Still, unlike hog maws, “nigga” is a living, non-concrete thing. It has that transcendental quality that all words have, and it cannot be linked to our symptoms in a neat and tidy diagnosis like fried chicken and butter beans to diabetes.
We and our words have the ability to be many different things, to hold many different meanings and perspectives, without true contradiction. Actually (in looking ahead to Women’s History Month) I’m reminded of a famous song by Meredith Brooks where she declares, “I’m a bitch, I’m a lover, I’m a child, I’m a mother, I’m a sinner, I’m a saint—I do not feel ashamed.” This couldn’t be a better illustration of the complexity of life, humanity, and words.
She goes on to say, “Just when you think you got me figured out, the season’s already changin’ “. And change is, I think, what makes so many uncomfortable. Intricacy in ideas, in character, in words and communication, is something that many people simply wish to avoid navigating.
Yet words are not static. They are living things in and of themselves which change and expand and conform with time.
Many of us cannot accept that the word “nigga” holds valid meaning today, because the hateful acts around its root word, “nigger”, have simply been too heinous to accept. The idea that such a word can be reclaimed seems nonsensical to some, since it is still used as a weapon in the society at large. However, the fact that one person crafted and subsequently used a hammer as a weapon does not mean that I cannot use it as a tool or an instrument to simply make a noise that is pleasant to my own ears. Whether others understand my use of it is neither here nor there. It’s helping me build the kind of house, the kind of music, that I choose to enjoy.

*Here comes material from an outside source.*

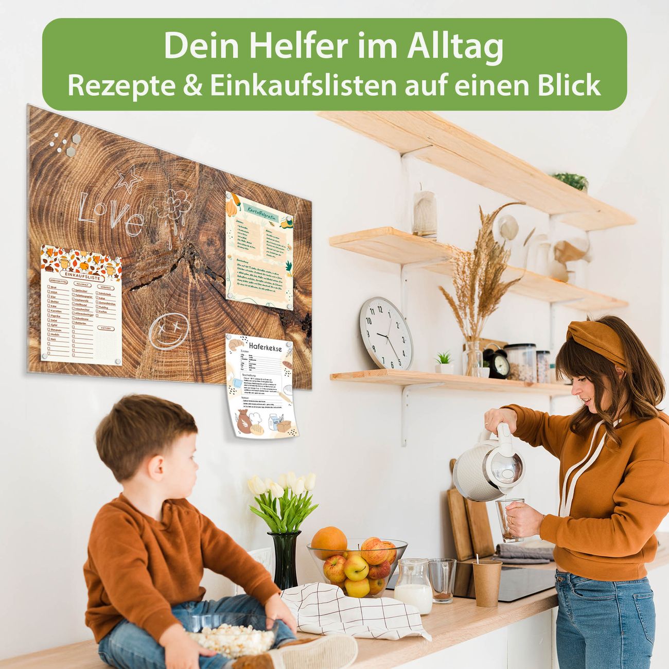 Ein Stück Design, das Ihren Alltag organisiert. Schreiben, heften, inspirieren - alles an einem Ort. Qualität, die man spürt. Montage leicht gemacht. Handwerk mit Herz - veredelt in Sachsen. Einzigartiges Design mit Motiv Motiv Jahresringe Beschreibbare Glasoberfläche, leicht zu reinigen Starke Magnetkraft durch Stahlrückwand Inklusive 4 Neodym-Magneten Flexible Montageoptionen Handveredelt in Sachsen - Qualität, die bleibt

I’m sure this debate will rage on for at least as long as the poison of white supremacy infects us. Still, no appearance of propriety conveyed in our speech, no moratorium on a word will stop emphatic bigots from seeing us as subhuman. And I’m pretty sure that the kinds of people who would use “nigga”, or “bitch”, or “fag”, or “cunt”, or any other word as a weapon wouldn’t care less about respecting the abstract notion of a word ban.
In the beautifully succinct words of a commenter from The Stream show noted above,
“People will speak. THAT must be accepted. Relinquish.”